* THE DATA:
▽

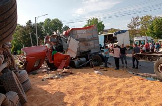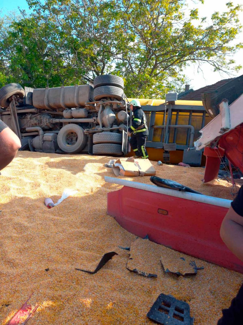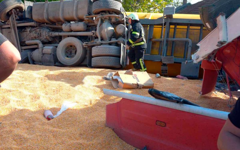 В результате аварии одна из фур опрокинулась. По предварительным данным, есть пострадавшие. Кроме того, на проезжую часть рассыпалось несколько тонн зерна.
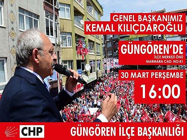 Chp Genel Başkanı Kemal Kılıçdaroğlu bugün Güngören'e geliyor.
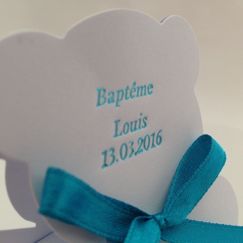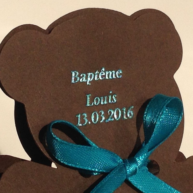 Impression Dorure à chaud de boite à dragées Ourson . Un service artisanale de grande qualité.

△
▽

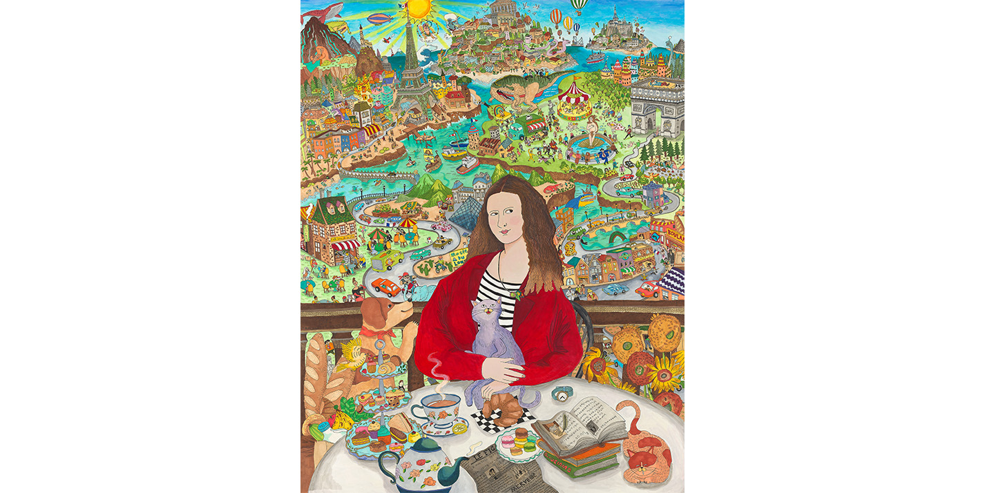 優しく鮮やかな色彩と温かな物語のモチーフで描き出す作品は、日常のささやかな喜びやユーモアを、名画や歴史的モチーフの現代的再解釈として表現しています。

△

* PROBLEM STATEMENT: In the material above, the stretch from the line with "В результате аварии" through the line with "Impression Dorure à" is to be given again exactly, minus the pictures.

* SOLUTION FOR THIS PROBLEM:
 В результате аварии одна из фур опрокинулась. По предварительным данным, есть пострадавшие. Кроме того, на проезжую часть рассыпалось несколько тонн зерна.
 Chp Genel Başkanı Kemal Kılıçdaroğlu bugün Güngören'e geliyor.
 Impression Dorure à chaud de boite à dragées Ourson . Un service artisanale de grande qualité.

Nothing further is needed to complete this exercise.